[EXERCISE DIRECTIONS]
Each entry should be returned exactly as written, with no pictures carried over.

[[ DATA open ]]

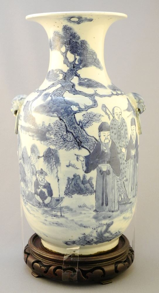 Chinese Blue & White 19th C. Porcelain Vase, 11 3/4", "3 Sages & Student".
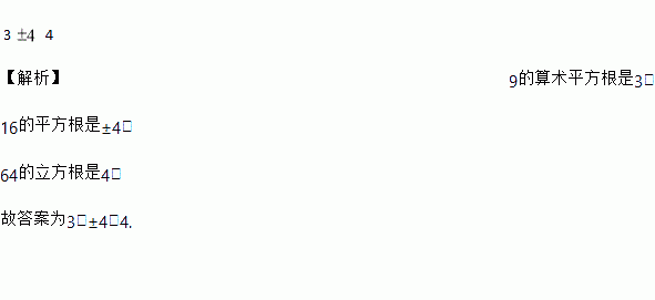 9的算术平方根是_____;16的平方根是_____;64的立方根是_____.
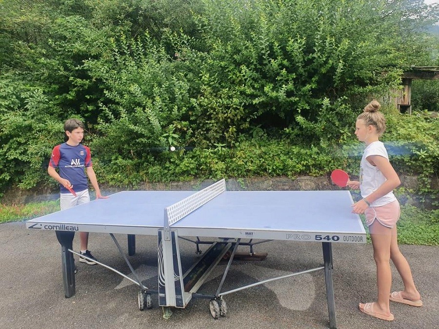 In de zomer is er veel ruimte in de zonnige tuin waar de ouders lekker kunnen relaxen in één van de vele zithoekjes, terwijl de kinderen heerlijk kunnen zwemmen, tafeltennissen, voetballen, spelen in de speeltuin, of bij de rivier.
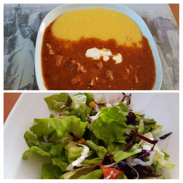 Nedelja: zelenjavna juha, pohana piščančja stegna brezbkosti, pečen krompir, solata, rozinova potica, kava
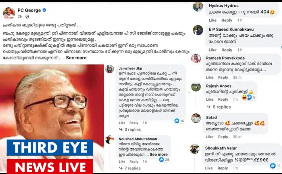 സംസ്ഥാന കമ്മിറ്റിയിൽ നിങ്ങൾ അധിപധ്യം ഉറപ്പിച്ച അന്ന് മുതൽ ഇവിടെ കമ്മ്യൂണിസം മരിച്ചുവെന്നും പിണറായിസമാണ് ഇപ്പോൾ നടപ്പിലാവുന്നതെന്നും പി സി ജോർജ് കുറ്റപ്പെടുത്തി. ‘വി എസ് ഇന്ന് ആരോഗ്യവാനായിരുന്നുവെങ്കിൽ നിങ്ങളുടെ രാജി ആദ്യം ആവശ്യപ്പെടുക അദ്ദേഹമായിരിക്കും. കാരണം, ഭാരതത്തിൽ ഇന്ന് ജീവിച്ചിരിക്കുന്ന ഒരേ ഒരു കമ്മ്യൂണിസ്റ്റ് , യഥാർത്ഥ കമ്മ്യൂണിസ്റ്റ് വി എസ് മാത്രമാണെന്നും പി സി ജോർജ് പറഞ്ഞു. എന്നാൽ പി സി ജോർജിന്റെ പോസ്റ്റിനെതിരെ വലിയ തോതിലുള്ള സൈബർ ആക്രമണമാണുണ്ടായത്.
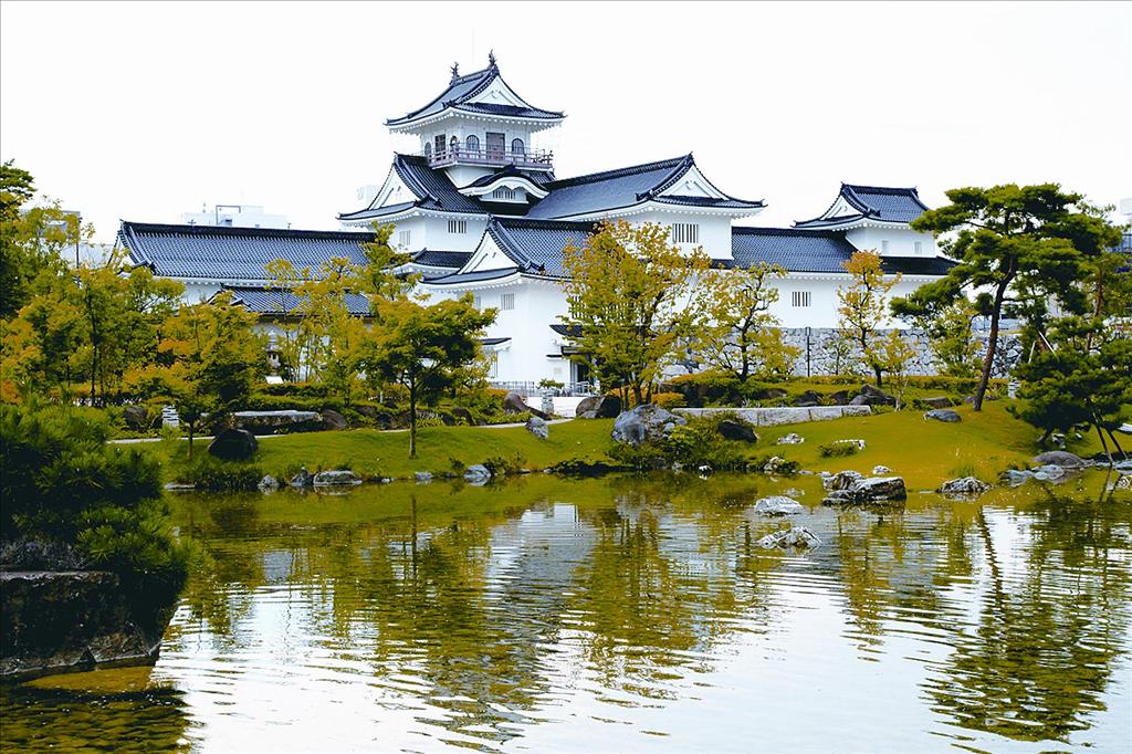 富山市内还有座城址公园,是始建于16世纪中叶的城池遗址,曾屡遭兵燹,多次易主,二战后重新修复。城楼与大阪城、名古屋城相似,周围有木桥、池塘、松柏。那天也是酒店前台指点迷津 ,又送了观光车票,我们趁雨停间隙去转了一圈。
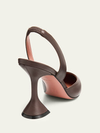 A signature Amina Muaddi silhouette, this version of the "Holli" pumps is designed in buttery soft lambskin leather 3.75 in / 95 mm exaggerated pedestal stiletto heel Pointed toe Elastic slingback strap Goat leather lining Leather outsole Made in Italy
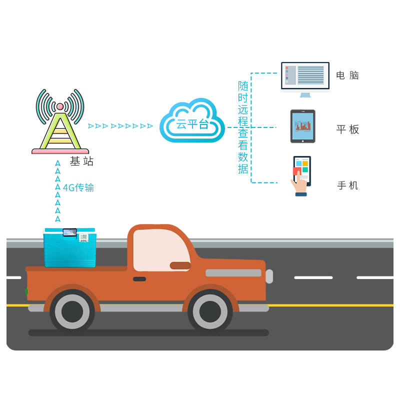 壁挂式保温箱温湿度监测系统解决方案主要由冷链保温箱、壁挂式保温箱温湿度记录仪以及环境监控云平台组成。通过箱体内部温湿度感应探头读取温湿度,并将数据记录在挂于保温箱体外的.温湿度记录仪中,借助4G信号将监测数据.上传至环境监控云平台。
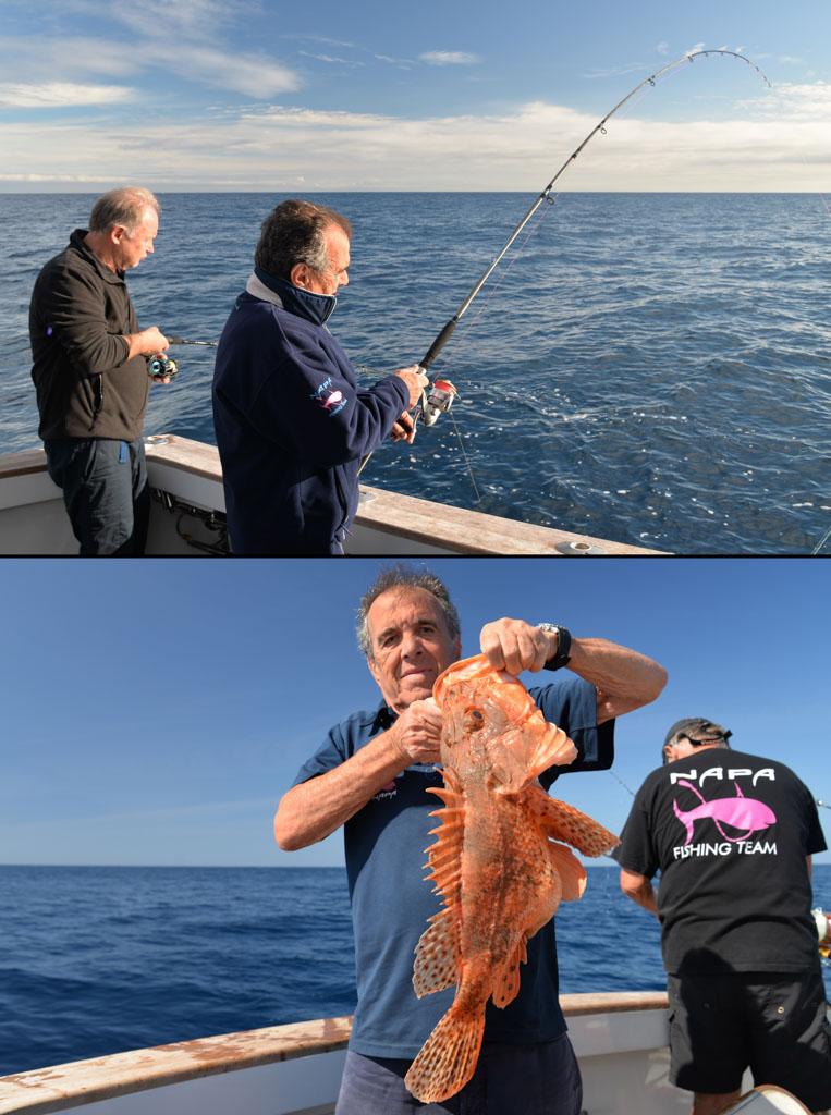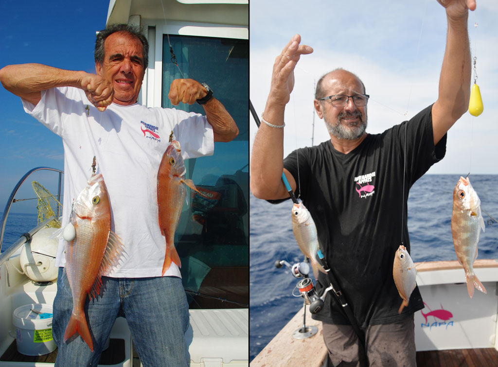 Son avantage sera également de permettre des prises multiples – que ce soit celles d’un pêcheur utilisant un montage à plusieurs empiles ou plusieurs pêcheurs ayant chacun fait un poisson en même temps. Comme exemple, voici sur ces photos Maurice ayant fait un doublé de très gros pageots au Rag (à gauche) et Jean-Pierre qui a pêché un beau triplé au Bibi (2 dorades roses et un pageot).

[[ DATA closed ]]

[PROBLEM SOLUTION]
 Chinese Blue & White 19th C. Porcelain Vase, 11 3/4", "3 Sages & Student".
 9的算术平方根是_____;16的平方根是_____;64的立方根是_____.
 In de zomer is er veel ruimte in de zonnige tuin waar de ouders lekker kunnen relaxen in één van de vele zithoekjes, terwijl de kinderen heerlijk kunnen zwemmen, tafeltennissen, voetballen, spelen in de speeltuin, of bij de rivier.
 Nedelja: zelenjavna juha, pohana piščančja stegna brezbkosti, pečen krompir, solata, rozinova potica, kava
 സംസ്ഥാന കമ്മിറ്റിയിൽ നിങ്ങൾ അധിപധ്യം ഉറപ്പിച്ച അന്ന് മുതൽ ഇവിടെ കമ്മ്യൂണിസം മരിച്ചുവെന്നും പിണറായിസമാണ് ഇപ്പോൾ നടപ്പിലാവുന്നതെന്നും പി സി ജോർജ് കുറ്റപ്പെടുത്തി. ‘വി എസ് ഇന്ന് ആരോഗ്യവാനായിരുന്നുവെങ്കിൽ നിങ്ങളുടെ രാജി ആദ്യം ആവശ്യപ്പെടുക അദ്ദേഹമായിരിക്കും. കാരണം, ഭാരതത്തിൽ ഇന്ന് ജീവിച്ചിരിക്കുന്ന ഒരേ ഒരു കമ്മ്യൂണിസ്റ്റ് , യഥാർത്ഥ കമ്മ്യൂണിസ്റ്റ് വി എസ് മാത്രമാണെന്നും പി സി ജോർജ് പറഞ്ഞു. എന്നാൽ പി സി ജോർജിന്റെ പോസ്റ്റിനെതിരെ വലിയ തോതിലുള്ള സൈബർ ആക്രമണമാണുണ്ടായത്.
 富山市内还有座城址公园,是始建于16世纪中叶的城池遗址,曾屡遭兵燹,多次易主,二战后重新修复。城楼与大阪城、名古屋城相似,周围有木桥、池塘、松柏。那天也是酒店前台指点迷津 ,又送了观光车票,我们趁雨停间隙去转了一圈。
 A signature Amina Muaddi silhouette, this version of the "Holli" pumps is designed in buttery soft lambskin leather 3.75 in / 95 mm exaggerated pedestal stiletto heel Pointed toe Elastic slingback strap Goat leather lining Leather outsole Made in Italy
 壁挂式保温箱温湿度监测系统解决方案主要由冷链保温箱、壁挂式保温箱温湿度记录仪以及环境监控云平台组成。通过箱体内部温湿度感应探头读取温湿度,并将数据记录在挂于保温箱体外的.温湿度记录仪中,借助4G信号将监测数据.上传至环境监控云平台。
 Son avantage sera également de permettre des prises multiples – que ce soit celles d’un pêcheur utilisant un montage à plusieurs empiles ou plusieurs pêcheurs ayant chacun fait un poisson en même temps. Comme exemple, voici sur ces photos Maurice ayant fait un doublé de très gros pageots au Rag (à gauche) et Jean-Pierre qui a pêché un beau triplé au Bibi (2 dorades roses et un pageot).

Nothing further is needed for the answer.